Task requirements
The copy should run from the line containing "Aurizon-crewed 1040 empty" through the last line of the entries below, exactly as written, with pictures omitted.

Dataset excerpts

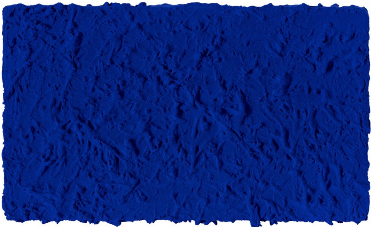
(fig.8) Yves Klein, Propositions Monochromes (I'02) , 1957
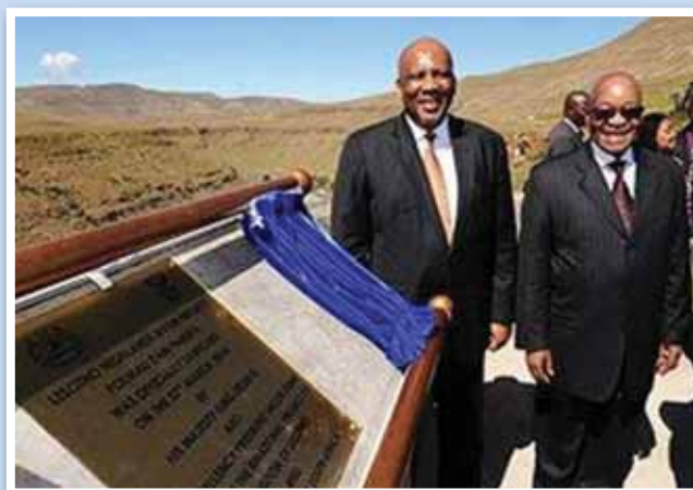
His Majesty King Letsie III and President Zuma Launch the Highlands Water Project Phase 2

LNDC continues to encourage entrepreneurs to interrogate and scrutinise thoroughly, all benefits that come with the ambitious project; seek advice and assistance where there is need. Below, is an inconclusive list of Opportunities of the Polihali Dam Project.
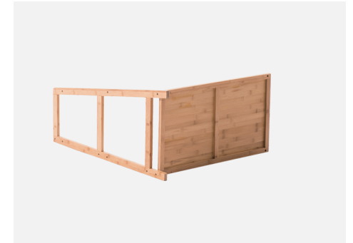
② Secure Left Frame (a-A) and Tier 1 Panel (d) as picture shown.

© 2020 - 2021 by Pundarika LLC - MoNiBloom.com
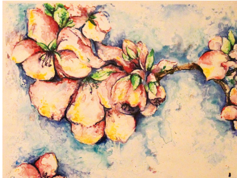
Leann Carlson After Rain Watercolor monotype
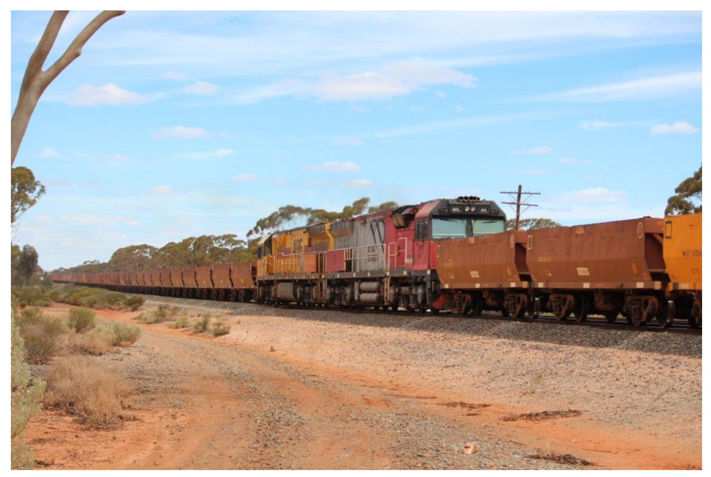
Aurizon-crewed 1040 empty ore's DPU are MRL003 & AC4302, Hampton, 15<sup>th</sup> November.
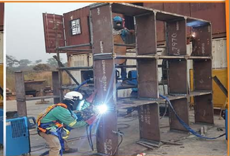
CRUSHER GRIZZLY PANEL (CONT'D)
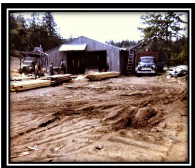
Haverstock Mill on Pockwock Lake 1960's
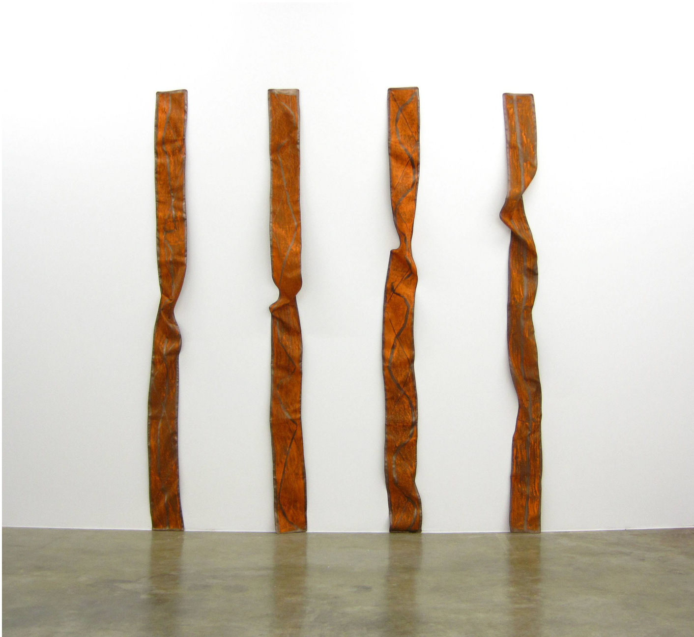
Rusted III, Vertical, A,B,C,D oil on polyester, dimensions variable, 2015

Response to the task
Aurizon-crewed 1040 empty ore's DPU are MRL003 & AC4302, Hampton, 15<sup>th</sup> November.
CRUSHER GRIZZLY PANEL (CONT'D)
Haverstock Mill on Pockwock Lake 1960's
Rusted III, Vertical, A,B,C,D oil on polyester, dimensions variable, 2015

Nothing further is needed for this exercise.